Convert Object Data Type to String in pandas DataFrame Column in Python (2 Examples)

 

In this Python post you’ll learn how to convert the object data type to a string in a pandas DataFrame column.

The page will consist of these contents:

Let’s dive right into the tutorial!

 

Example Data & Add-On Libraries

We first have to load the pandas library to Python:

import pandas as pd                       # Load pandas

We’ll also have to construct some data that we can use in the examples below:

data = pd.DataFrame({'x1':range(0, 5),    # Create pandas DataFrame
                     'x2':['a', 'b', 'c', 'd', 'e'],
                     'x3':range(10, 15)})
print(data)                               # Print pandas DataFrame

 

table 1 DataFrame convert object data type string pandas dataframe column python

 

Have a look at the previous table. It shows that our example data consists of five rows and three columns.
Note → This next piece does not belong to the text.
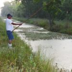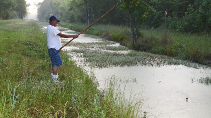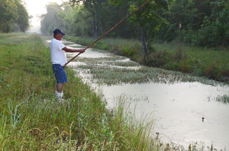 While cane poles and corks are used, choupique fishing is not a passive affair. The men worked actively to attract the fish to their baits. One technique involved dabbling their big corks up and down on the water’s surface, then allowing them to rest still for a few seconds to look for a bite.

Let’s check the data types of the columns in our pandas DataFrame:

print(data.dtypes)                        # Print data types of columns
# x1     int64
# x2    object
# x3     int64
# dtype: object

As you can see, the columns x1 and x3 are integers, and the column x2 has the object data type.

This might be surprising, since the column x2 obviously contains character strings.
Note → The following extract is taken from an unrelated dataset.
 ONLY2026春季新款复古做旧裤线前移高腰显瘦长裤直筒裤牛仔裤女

In the following examples, I’ll explain why this is the case. So keep on reading!

 

Example 1: astype() Function does not Change Data Type to String

In case we want to change the data type of a pandas DataFrame column, we would usually use the astype function as shown below:

data['x2']= data['x2'].astype(str)        # Applying astype function

However, after running the previous Python code, the data types of our columns have not been changed:

print(data.dtypes)                        # Print data types of columns
# x1     int64
# x2    object
# x3     int64
# dtype: object

The reason for this is that data types have a variable length. Hence, strings are by default stored as the object data type.
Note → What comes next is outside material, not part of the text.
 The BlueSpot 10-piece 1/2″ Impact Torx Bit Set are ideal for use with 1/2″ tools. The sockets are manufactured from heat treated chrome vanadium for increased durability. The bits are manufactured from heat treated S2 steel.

In other words: If a pandas DataFrame column has the object dtype, you can usually consider it as a string.

However, there’s one little workaround that I want to show you in the next example.

 

Example 2: Define String with Manual Length in astype() Function

In Example 1, I have explained that data types have a variable length, and for that reason, strings are automatically set to the object dtype.

There is usually no reason why you would have to change that data type. However, in this example, I’ll show how to specify the length of a string column manually to force it to be converted to the string class.

To accomplish this, we can specify ‘|S’ within the astype function as shown below. This sets the string length to the maximum string lengths in our DataFrame column (i.e. 1):

data['x2']= data['x2'].astype('|S')       # Applying astype function
print(data)                               # Print updated pandas DataFrame

 

table 2 DataFrame convert object data type string pandas dataframe column python

 

In Table 2 you can see that we have created an updated version of our pandas DataFrame using the previous Python programming code.

In this new DataFrame, you can see a b in front of the values in the column x2. The b stands for bytes, and you can learn more about this here.

However, let’s check the dtypes of our updated DataFrame columns:

print(data.dtypes)                        # Print data types of columns
# x1    int64
# x2      |S1
# x3    int64
# dtype: object

The column x2 has been converted to the |S1 class (which stands for strings with a length of 1).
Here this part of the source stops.